# Warning! Lots of fluff!



## sezra (May 20, 2011)

I thought it was about time I posted some pictures of Daisy as I have had her for all of four days!!

Yesterday we went to Wendover Woods and had a great family day out. The kids made dens and Daisy took it all in her stride.  We had a lovely picnic and Daisy even had her own lunch box to store her chicken wings in (it was an old one of my son's, honest!)! 

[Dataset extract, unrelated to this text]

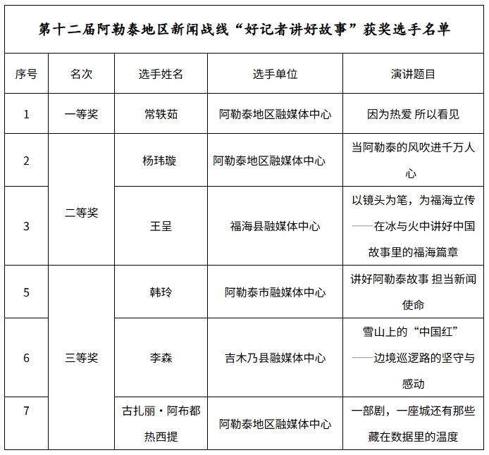 根据自治区新闻战线第十二届“好记者讲好故事”活动要求,阿勒泰地委宣传部于2025年7月21日在阿勒泰市举办第十二届阿勒泰地区新闻战线“好记者讲好故事”演讲比赛活动,阿勒泰地区融媒体中心、各县(市)融媒体中心派选手参加,现将参赛获奖选手名单公示如下: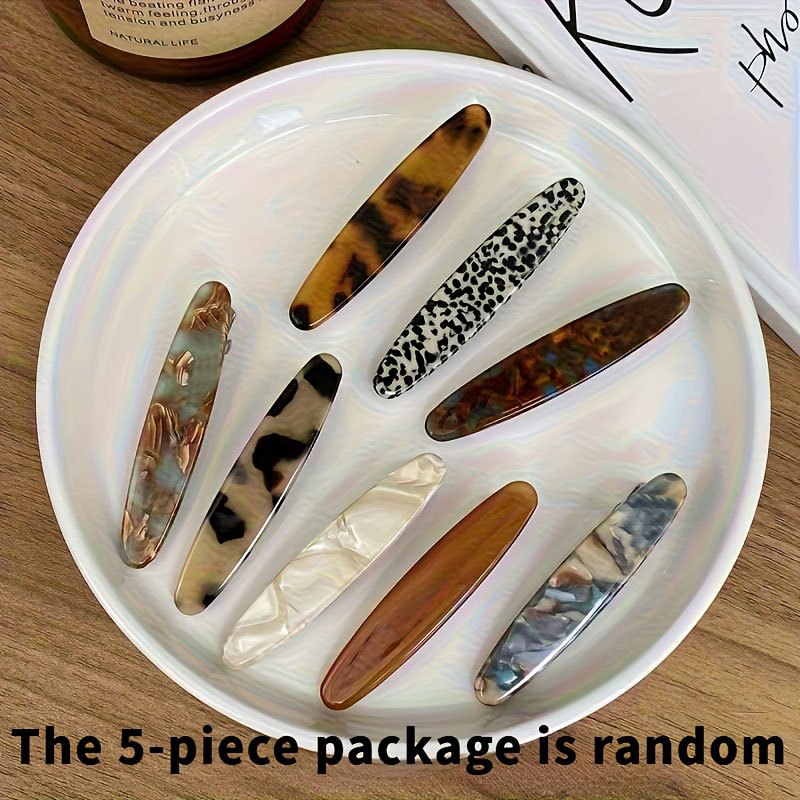 TEMU 5개 혼합 우아한 다기능 헤어 클립 세트 - 거북이 껍질, 프린트, 대리석 패턴, 메탈릭 컬러가 특징이며 엣지 컨트롤, 캐주얼 및 포멀 스타일에 적합한 헤어 액세서리, 패션 디자인, 천연 성분 아이콘

Anyway, here are the fluffy bits!










That looks a nice muddy puddle! 



















Daisy's lunch bag! 










Lunchtime!










After dinner nap!



















Me and my girl! :001_tt1:


----------



## BeagleOesx (Oct 9, 2009)

Aww Daisy is adorable:001_tt1: - I want Daisy

Looks like a good time was had by all. How old is she? She seems to have settled in great.


----------



## sezra (May 20, 2011)

BeagleOesx said:


> Aww Daisy is adorable:001_tt1: - I want Daisy
> 
> Looks like a good time was had by all. How old is she? She seems to have settled in great.


It was great and so nice to have our first proper outing with her. 

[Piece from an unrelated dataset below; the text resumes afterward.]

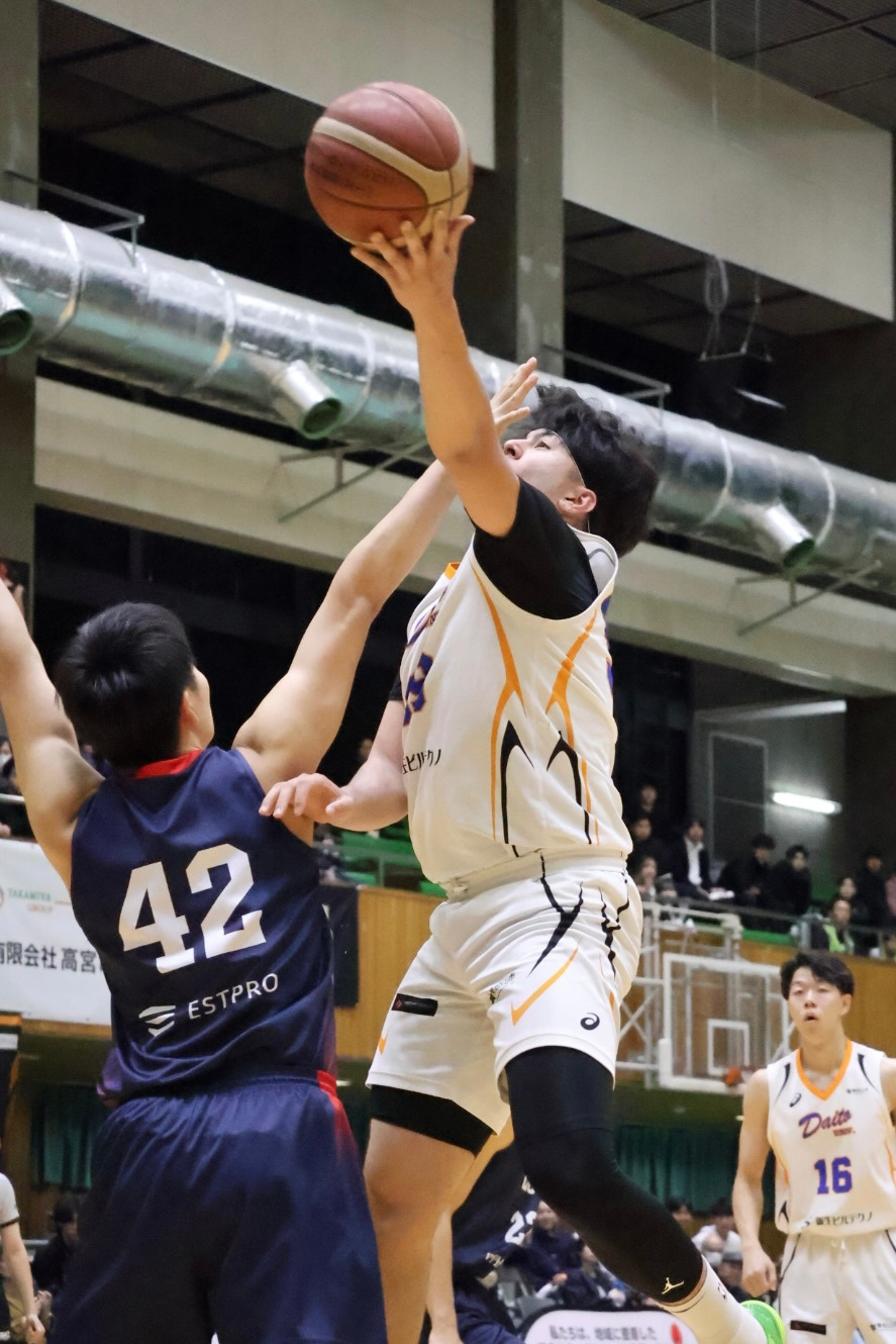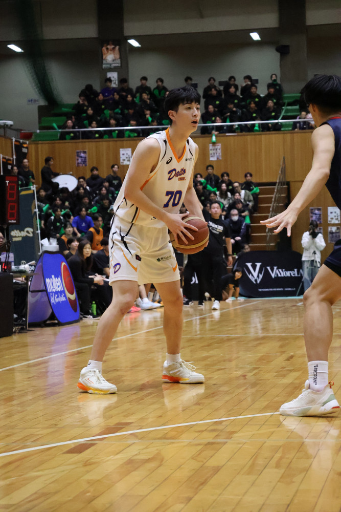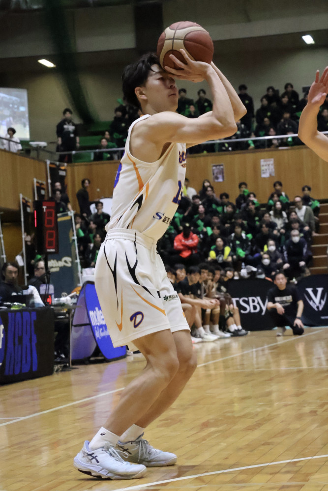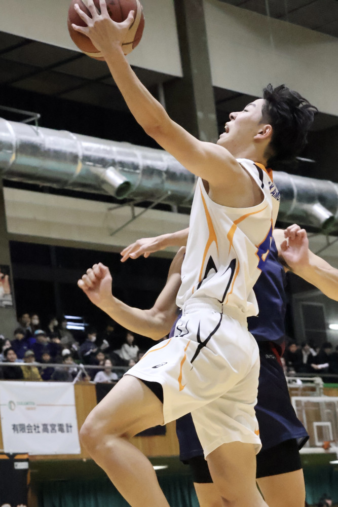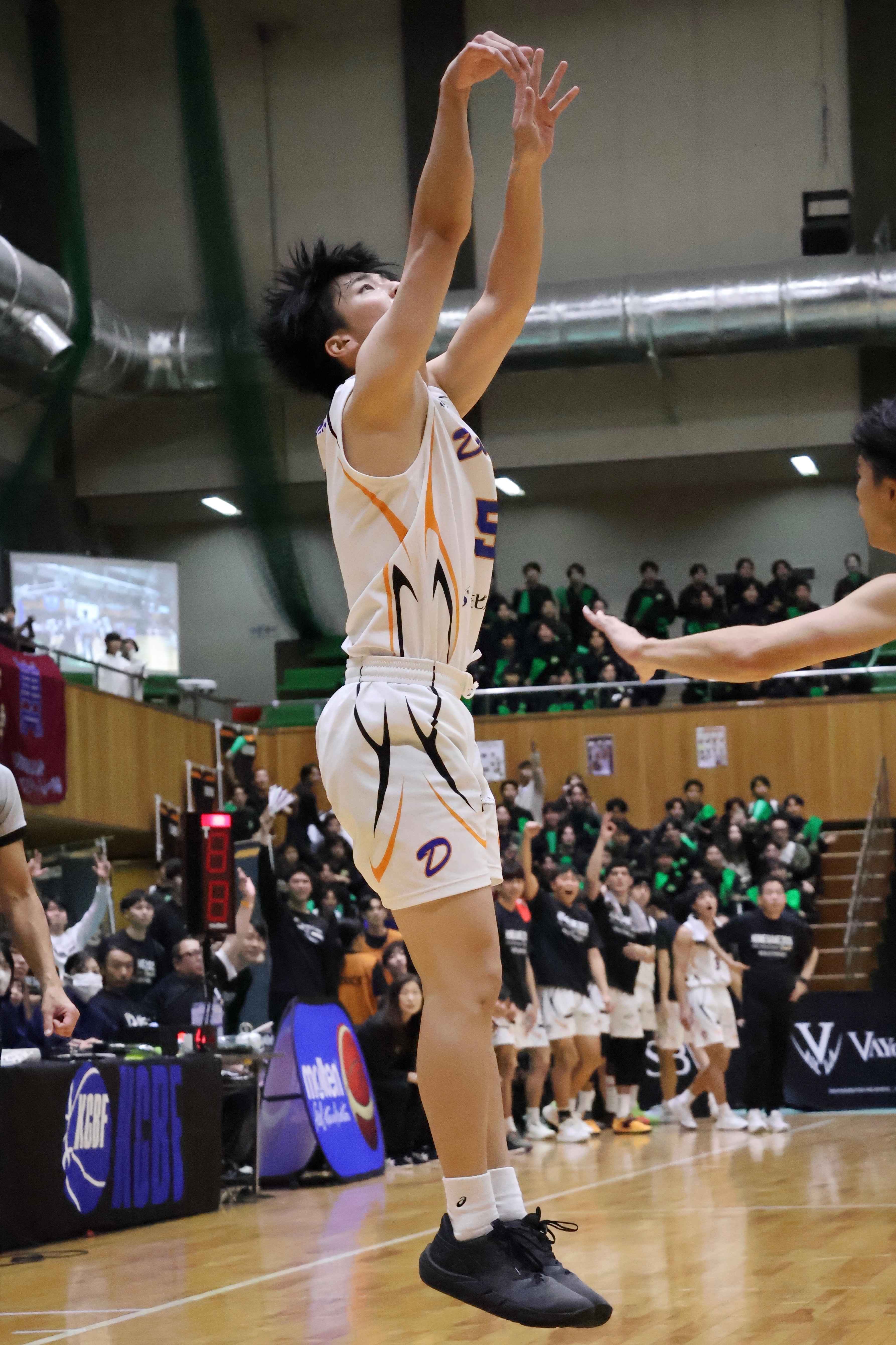 第2Q、廣岡大翔(4)のスリーポイントが決まる。点数が止まる時間も、ディフェンスを粘り続ける。

She is just over five months old and is settling in really well but suffers a bit with seperation anxiety from me. Hopefully just a new home/puppy thing and she is getting better everyday!


----------



## BeagleOesx (Oct 9, 2009)

Well she definitely seems chilled out. Keep the pics coming on your future trips out.


----------



## beary_clairey (Jan 23, 2011)

Aaaaw - she's beautiful!!!! I love her! :001_wub::001_wub::001_wub::001_wub:


----------



## portiaa (Dec 10, 2010)

She's gorgeous! :001_wub: :001_tt1:


----------



## FionaS (Jul 2, 2011)

So so beautiful! Reminds me a bit of my Toby!


----------



## tinamary (Aug 17, 2008)

Aw lovely pics and i love Toby too.


----------



## Reiterin (Aug 7, 2011)

great pics.

and yes, Toby looks a little bit like her


----------



## beary_clairey (Jan 23, 2011)

Lovely pic of Toby!!! I will steal him too!!!


----------



## sezra (May 20, 2011)

Yes, she does look a bit like Toby!  

I have noticed recently that she has changed since those first photos. I didn't notice at the time but her tail was often held at 'half mast'. In the last couple of days we have noticed her tail is being held high, much more waggy and even the hair on it has changed! The hair was kind of wrapped around her tail whereas now it is more fringed! 

She has started to get very cheeky and every now and again she has a mad moment! It is lovely to see her personality coming through, we thought she was a bit placid for a five month puppy!


----------